Its time to get the facts correct on the movement of people across the Mediterranean - Dr Dallal Stevens
Dr Dallal Stevens is from the Law School at the University of Warwick and is an expert on refugee and asylum law.
She said:
"In an article in The Times newspaper today, 13 May 2015, entitled ‘EU is putting migrants at risk’, and in an interview on the BBC’s Today programme, the Home Secretary, Theresa May, made several claims regarding the European Commission’s proposals on how to address the ‘migration’ crisis in the Mediterranean. Unfortunately, a number of her points are inaccurate or misleading and are politicising a humanitarian crisis.
May states:
1) ‘We cannot do anything which encourages more people to make these perilous journeys – or which makes it easier for gangs responsible for their misery. That is why the UK will not participate in a mandatory system of resettlement or relocation.’

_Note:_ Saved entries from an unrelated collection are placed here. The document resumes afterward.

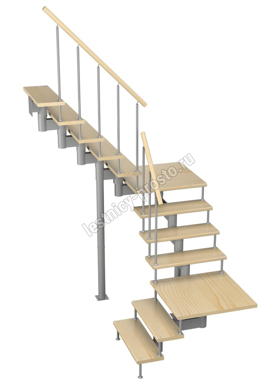 Модульная лестница Комфорт 225 2700-2820, Серый, Лиственница, Нержавеющая сталь
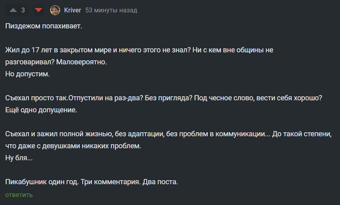 Человек из комментария сидит на Пикабу 9 лет и думает, что ему только за это должны доверять. Ты ничем не лучше этого паренька из поста. Ты такой человек. И твои слова могут быть таким же пиздежом.
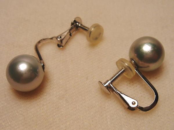 プラチナ枠使用のあこやシルバーカラーパールイヤリング♪
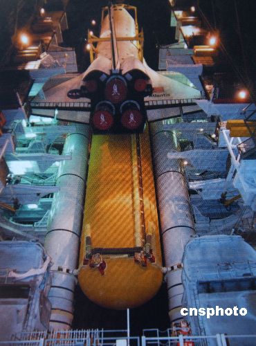 美國航天飛機“發(fā)現(xiàn)號”七月十六日仍在肯尼迪航天中心解決燃料傳感器故障,故障一旦解決,就重新啟動四天的發(fā)射倒計時。(美國太空總署供圖)

Resettlement will not encourage more people to travel to the EU. It will actually do the opposite. Resettlement is about taking some refugees from countries struggling to cope with refugee numbers, such as Jordan, Lebanon and Turkey, which are hosting nearly 4 million Syrian refugees; it is about meeting our international obligations and ensuring that refugees do not have to ‘make perilous journeys’. The UNHCR has called for 20,000 resettlement places per year for the whole of the EU by 2020. This is minimal in the context of the global need for resettlement. Germany has already offered to take 20,000 on its own. The UK has resettled only 143 to date.
2) ‘…we must – and will – resist calls for the mandatory relocation or resettlement of migrants across Europe.’

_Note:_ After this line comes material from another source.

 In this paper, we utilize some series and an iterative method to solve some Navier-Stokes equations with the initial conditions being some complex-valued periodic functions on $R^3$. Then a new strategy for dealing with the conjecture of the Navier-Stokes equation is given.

The Home Secretary makes the common mistake of confusing migrants with refugees. The plans do not propose resettling or relocating migrants. Migrants cannot be resettled – only refugees. The Commission is proposing two limbs: distributing asylum seekers who have reached the EU, who will then have their claim assessed, and resettling some refugees from outside the EU. In fact, the Commission’s proposal actually seek to improve return and removal of irregular migrants and refused asylum seekers.
3) ‘… we should use military, intelligence and crime fighting assets not only to deliver search and rescue mechanisms, but also to crack down on the traffickers who are putting people at risk.’
There has been much usage of the term ‘trafficker’ but there is a distinction in law between trafficking and smuggling. Human trafficking focuses on exploitation – for example, trafficking for sex or labour through force or fraud; human smuggling is concerned with transportation and the evasion of immigration laws. The vast majority of those crossing the Mediterranean would fall under the smuggling category. In any event, talk of smuggling and trafficking misses the point – a large percentage arriving in the EU from North Africa are refugees or have protection needs – for example, in 2014, 20% were Syrian.
4) ‘The majority of those arriving are often from nations such as Nigeria and Eritrea, where their lives are not at immediate risk.’
Eritreans are at risk. In 2014, in the UK, the largest number of asylum applications came from Eritreans and 87% were granted protection.
It is time for less politics and more accuracy when discussing asylum and migration."